▶ EXERCISE DETAILS:
For this exercise, write each entry below out precisely and omit the pictures.

(Records contained in a dataset)
+ + +
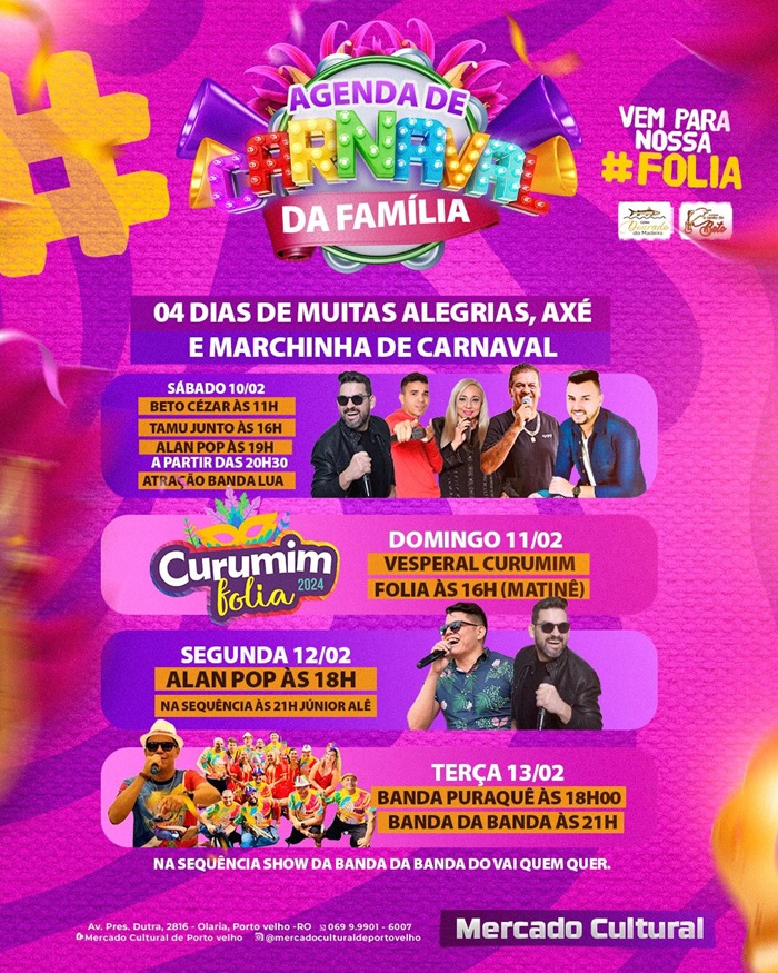 "Traga a sua família para brincar os 4 dias de carnaval neste espaço público, histórico e turístico da nossa capital", enfatizou o empresário Sinezio Tapajós, permissionário do box Dourado do Madeira, onde terá muito frevo, marchinha e axé music no 'Carnaval da Família', que vai acontecer de sábado, dia 10, a terça-feira, dia 13, no Mercado Cultural de Pvh. O evento é gratuito.
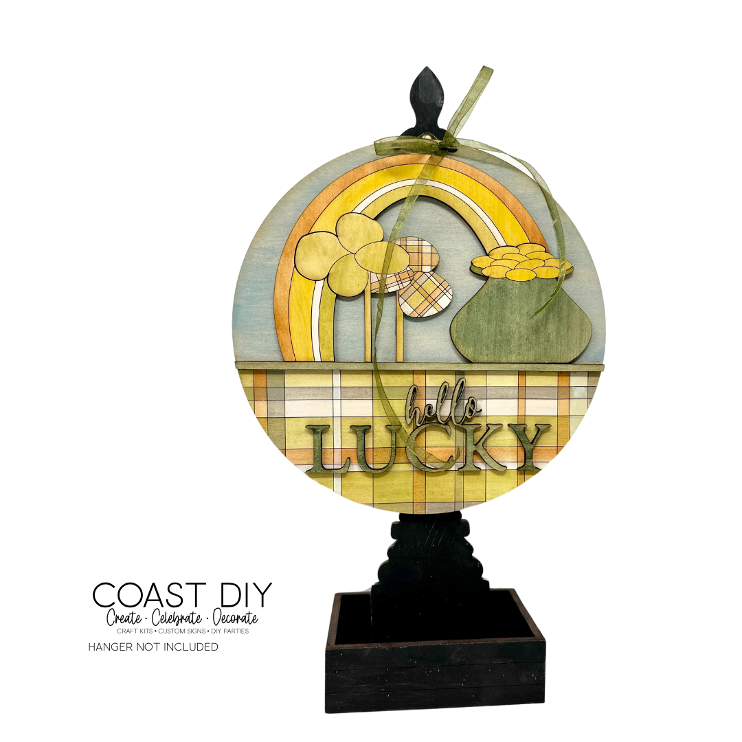 This is a 9", two layer sign with stain kit. You get the two layer sign with the rainbow into a pot of gold with the clovers. The kit is on 1/8" maple plywood and included the following stains: vintage blue, amber, mustard, marshmallow, Austin field green, willow leaf and wild honey. You'll get a small pot of my favorite wood glue and two brushes as well making this a complete kit. Perfect for a paint party, gift or quiet night in front of a good movie.
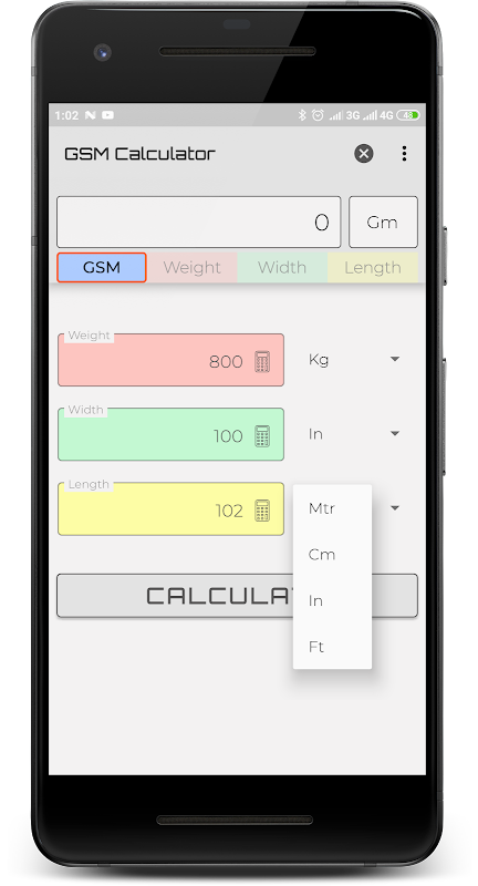 Calcule GSM, peso, comprimento ou largura com este aplicativo simples de usar.
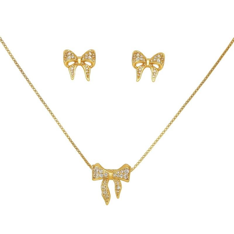 Conjunto Laço CravejadoDelicadeza e brilho em perfeita harmonia. O laço, símbolo de feminilidade e charme, ganha destaque com o toque sofisticado das zircônias cravejadas, trazendo elegância e romantismo para qualquer ocasião.
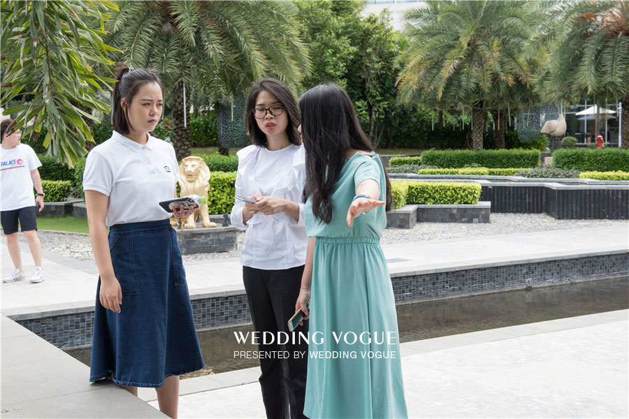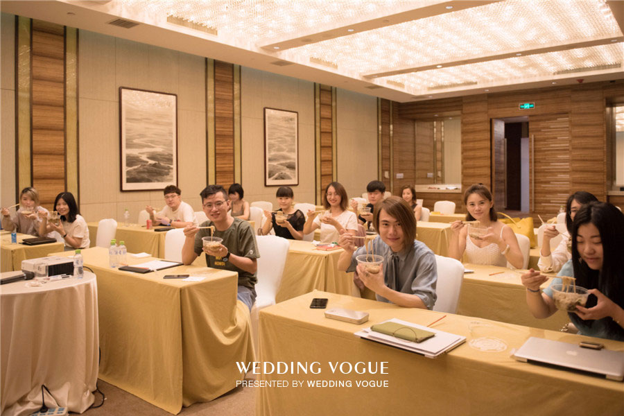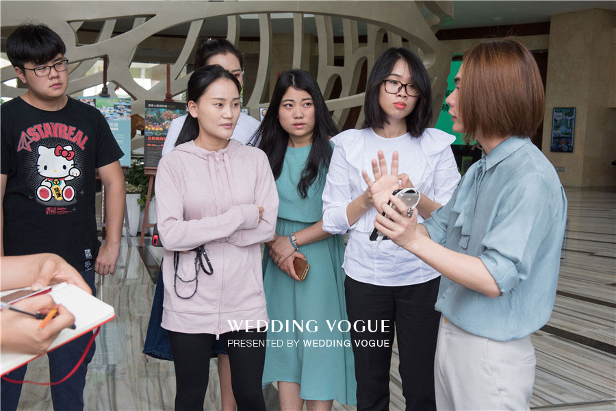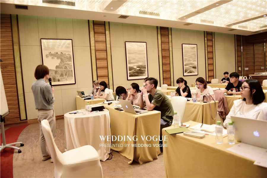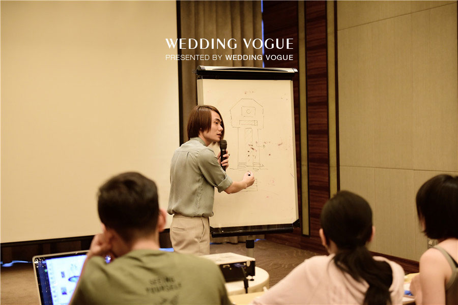 空间艺术的光源设计,利用最简单的灯光做最精美的设计。例如建筑设计是结合自然光,对材质的反应有极高的讲究。赖教授通过图片中色彩搭配及背景色带学员深入了解背景色及搭配的重要性。色彩和光影需要完美的结合在一起,利用光源营造出有层次的质感,把宴会中的色彩和所处的环境融合的恰到好处。在舞台上,包括任何舞美、仪式区的设计,所有的环境都是围绕主人翁的,新人站在其中应该成为一个整体,起到画龙点睛的作用。下午,赖教授带领学员来到美高梅度假酒店大厅前的一条长廊,让学员们分组进行现场实景改造设计,两个小时内设计出一场在傍晚举行的奢侈品fashion show,要考虑品牌、酒店文化和光的运用,需要学员们激发自己的潜力和脑洞创造出思路、手绘和提案。
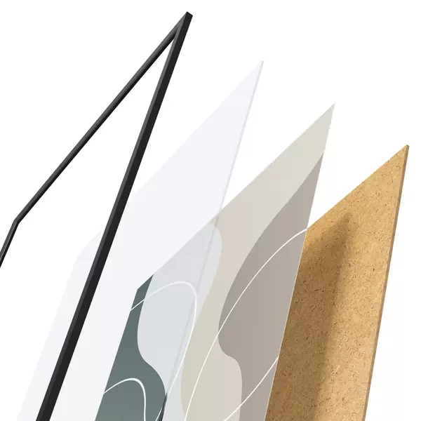Das Poster besteht aus einem Rahmen, Plexiglas, einem gedruckten Bild und einer Rückwand aus Spanplatten. Dank der Halterungen auf der Rückseite kann das Poster sofort an die Wand gehängt werden.
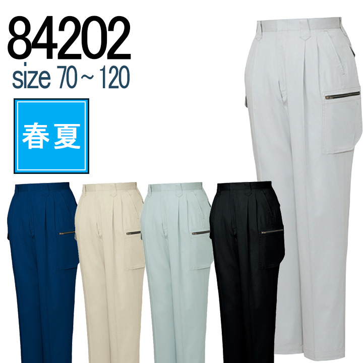 自重堂 JICHODO 84202 ストレッチ ツータックカーゴパンツ 春夏 綿100% 防縮防シワ加工|作業着・作業服の通販ワークキング【公式】
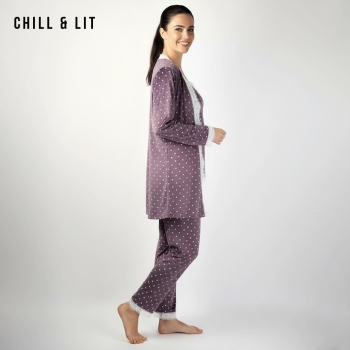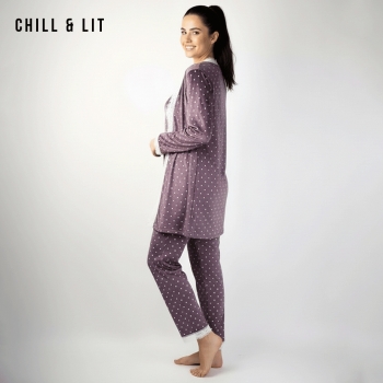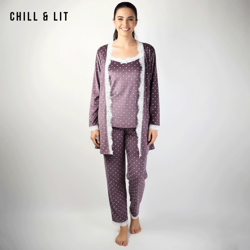 Pyjama pour Femme Confortable et Elégant, composé de 3 Pièces : d’un Haut doux, d’un Pantalon Large et d’une Chemise Assortie. Parfait pour des Nuits Confortables. Le Mannequin Porte La Taille S/M et Mesure 1m78.
+ + +
▶ TASK SOLUTION:
 "Traga a sua família para brincar os 4 dias de carnaval neste espaço público, histórico e turístico da nossa capital", enfatizou o empresário Sinezio Tapajós, permissionário do box Dourado do Madeira, onde terá muito frevo, marchinha e axé music no 'Carnaval da Família', que vai acontecer de sábado, dia 10, a terça-feira, dia 13, no Mercado Cultural de Pvh. O evento é gratuito.
 This is a 9", two layer sign with stain kit. You get the two layer sign with the rainbow into a pot of gold with the clovers. The kit is on 1/8" maple plywood and included the following stains: vintage blue, amber, mustard, marshmallow, Austin field green, willow leaf and wild honey. You'll get a small pot of my favorite wood glue and two brushes as well making this a complete kit. Perfect for a paint party, gift or quiet night in front of a good movie.
 Calcule GSM, peso, comprimento ou largura com este aplicativo simples de usar.
 Conjunto Laço CravejadoDelicadeza e brilho em perfeita harmonia. O laço, símbolo de feminilidade e charme, ganha destaque com o toque sofisticado das zircônias cravejadas, trazendo elegância e romantismo para qualquer ocasião.
 空间艺术的光源设计,利用最简单的灯光做最精美的设计。例如建筑设计是结合自然光,对材质的反应有极高的讲究。赖教授通过图片中色彩搭配及背景色带学员深入了解背景色及搭配的重要性。色彩和光影需要完美的结合在一起,利用光源营造出有层次的质感,把宴会中的色彩和所处的环境融合的恰到好处。在舞台上,包括任何舞美、仪式区的设计,所有的环境都是围绕主人翁的,新人站在其中应该成为一个整体,起到画龙点睛的作用。下午,赖教授带领学员来到美高梅度假酒店大厅前的一条长廊,让学员们分组进行现场实景改造设计,两个小时内设计出一场在傍晚举行的奢侈品fashion show,要考虑品牌、酒店文化和光的运用,需要学员们激发自己的潜力和脑洞创造出思路、手绘和提案。
Das Poster besteht aus einem Rahmen, Plexiglas, einem gedruckten Bild und einer Rückwand aus Spanplatten. Dank der Halterungen auf der Rückseite kann das Poster sofort an die Wand gehängt werden.
 自重堂 JICHODO 84202 ストレッチ ツータックカーゴパンツ 春夏 綿100% 防縮防シワ加工|作業着・作業服の通販ワークキング【公式】
 Pyjama pour Femme Confortable et Elégant, composé de 3 Pièces : d’un Haut doux, d’un Pantalon Large et d’une Chemise Assortie. Parfait pour des Nuits Confortables. Le Mannequin Porte La Taille S/M et Mesure 1m78.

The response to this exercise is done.